NETech does not dispute that Mr. Hosfield has the necessary pedigree and experience to give expert testimony on lost profits damages, but credentials are not enough. As the Seventh Circuit has described, "[a] supremely qualified expert cannot waltz into the courtroom and render opinions unless those opinions are based upon some recognized scientific method and are reliable and relevant under the test set forth by the Supreme Court in Daubert." Lewis v. CITGO Petroleum Corp., 561 F.3d 698, 705 (7th Cir. 2009) (internal quotations and citations omitted). It is not a sufficient defense of Mr. Hosfield's opinions to say he is a "seasoned financial analyst" or "has never been disqualified to serve as a damages expert." (CDW Response Brief, Dkt. 272, at pp. 1, 4).
Much of the parties' arguments require the court to determine whether some or all of the assumptions on which Mr. Hosfield's opinions are based are so speculative or unjustified that the opinions generated from them must be excluded under Rule 702. Or, as CDW contends in defense, because Mr. Hosfield's methodology is appropriate (primarily because he used a yardstick methodology), attacks on his assumptions are fodder for cross-examination and not ground for exclusion. See Smith v. Ford Motor Co., 215 F.3d 713, 718 (7th Cir.2000) (the "soundness of the factual underpinnings of the expert's analysis and the correctness of the expert's conclusions based on that analysis are factual matters to be determined by the trier of fact").
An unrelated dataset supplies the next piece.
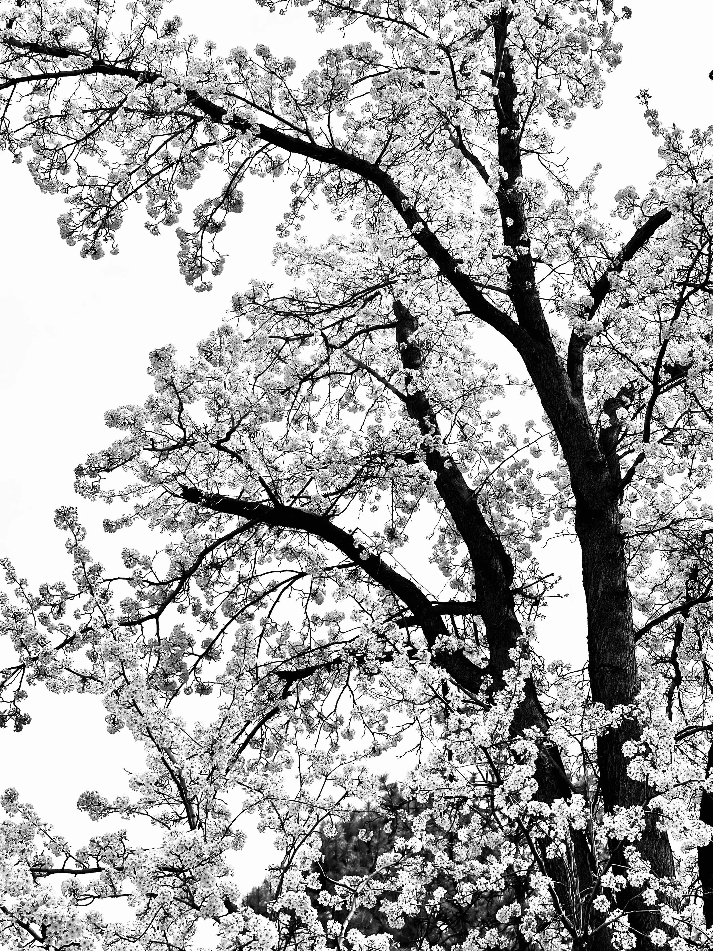 This black-and-white photograph captures the beauty of a flowering tree, a symbol of nature’s quiet unfolding and constant evolution. The delicate petals and graceful branches, bathed in contrast, reflect the subtle yet powerful way the world evolves—each bloom a fleeting moment of transformation.
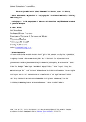 Critical geographies of love and loss: relational responses to the death of a spouse in Senegal.

NETech contends that Mr. Hosfield's lost profits analyses do not satisfy the standards of Rule 702 on four grounds. First, it argues that Mr. Hosfield was required to, but did not, "independently" verify the data supplied to him by CDW as its Indianapolis branch's "actual" AT service and product revenue, thus making his opinions unreliable. Second, it attacks Mr. Hosfield's yardstick methodology because it is based only on a presumption that the average revenue growth of a group of other CDW offices is a good proxy for assumed growth of the Indianapolis office. Third, NETech asserts that Mr. Hosfield grossly overstated the amount of revenue that NETech obtained purportedly because of its illegal acts. Fourth, it argues
The baseline for Mr. Hosfield's calculation of lost profits for the Indianapolis branch is that branch's "actual" Advanced Technology service and product revenue for 2009. He projected the amount of AT revenue that the branch should have achieved in 2010 by applying a 23% growth factor for AT service revenue from 2009 to 2010 and a 25% growth factor for AT product revenue from 2009 to 2010. The 2010 figures became the baseline for projecting 2011 revenue, by applying a 21% growth factor for AT service from 2010 to 2011 and a -1% growth factor for AT products from 2010 to 2011. He subtracted from the 2010 and 2011 projected revenue figures the "actual" Advanced Technology service and product revenue to the branch.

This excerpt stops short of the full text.